Supplied material:
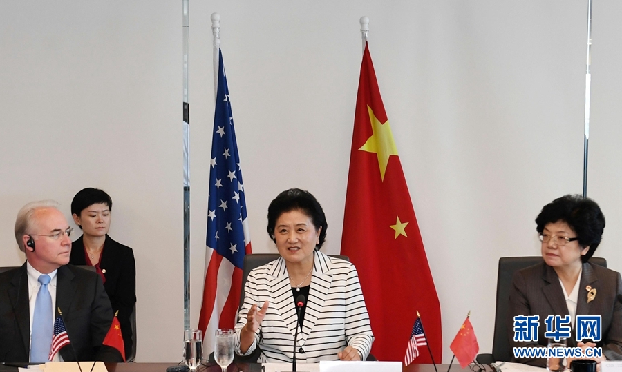 當(dāng)?shù)貢r(shí)間9月27日,國(guó)務(wù)院副總理劉延?xùn)|(中)在美國(guó)華盛頓戰(zhàn)略與國(guó)際問(wèn)題研究中心出席中美衛(wèi)生合作研討會(huì)。新華社記者殷博古攝
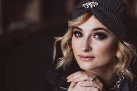 Portrait of a beautiful stylish blonde woman with smoky eye makeup in a knitted headband. Soft selective focus, defocus. No retouching.
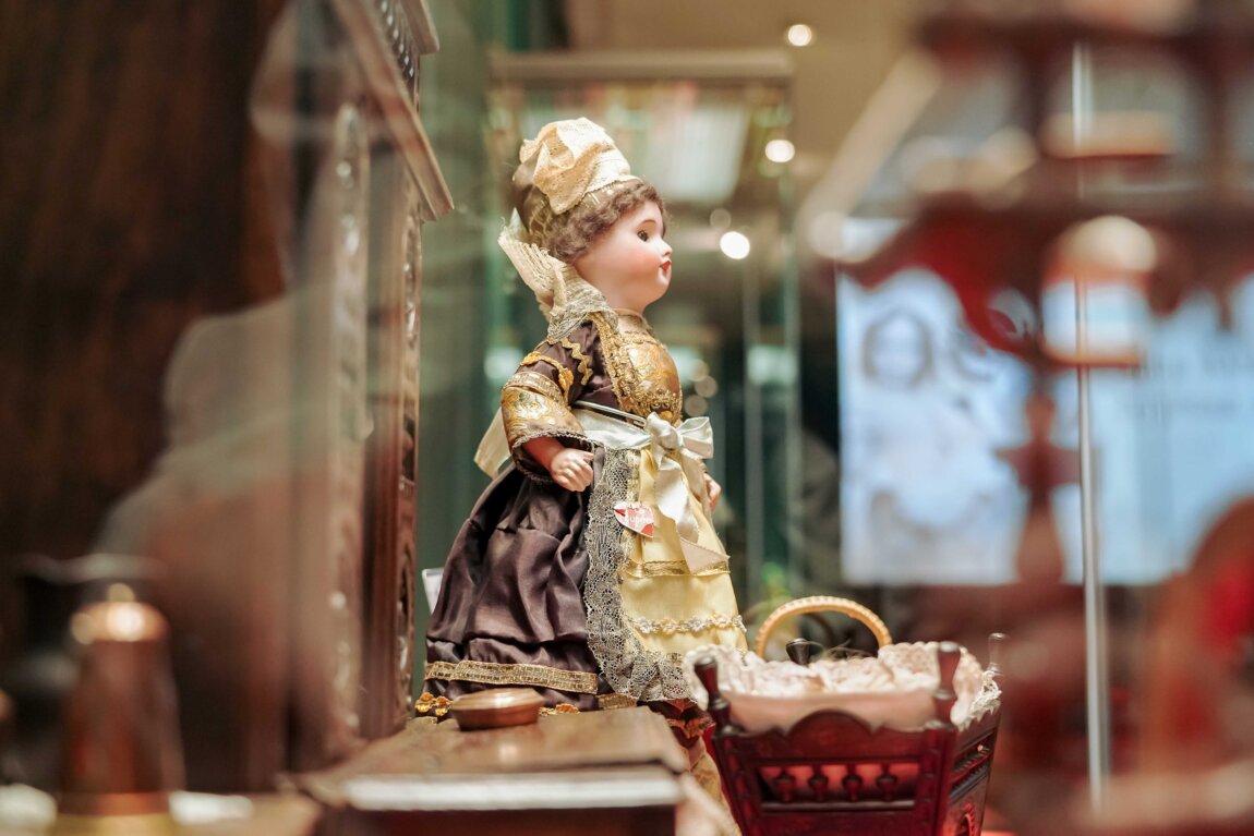 На экскурсии по выставке «Мир куклы. Игрушки, аксессуары и куклы XIX–XX веков из собрания Музея уникальных кукол» участники окажутся в мире детства, где будет интересно не только детям, но и взрослым. Участники узнают историю кукольного искусства, познакомятся с бытом кукол — кукольные домики, одежда, аксессуары, и какие были традиции игрушечного мира XIX века.

Exercise: The whole listing should be transcribed exactly, though its pictures must be left out.

Answer section:
 當(dāng)?shù)貢r(shí)間9月27日,國(guó)務(wù)院副總理劉延?xùn)|(中)在美國(guó)華盛頓戰(zhàn)略與國(guó)際問(wèn)題研究中心出席中美衛(wèi)生合作研討會(huì)。新華社記者殷博古攝
 Portrait of a beautiful stylish blonde woman with smoky eye makeup in a knitted headband. Soft selective focus, defocus. No retouching.
 На экскурсии по выставке «Мир куклы. Игрушки, аксессуары и куклы XIX–XX веков из собрания Музея уникальных кукол» участники окажутся в мире детства, где будет интересно не только детям, но и взрослым. Участники узнают историю кукольного искусства, познакомятся с бытом кукол — кукольные домики, одежда, аксессуары, и какие были традиции игрушечного мира XIX века.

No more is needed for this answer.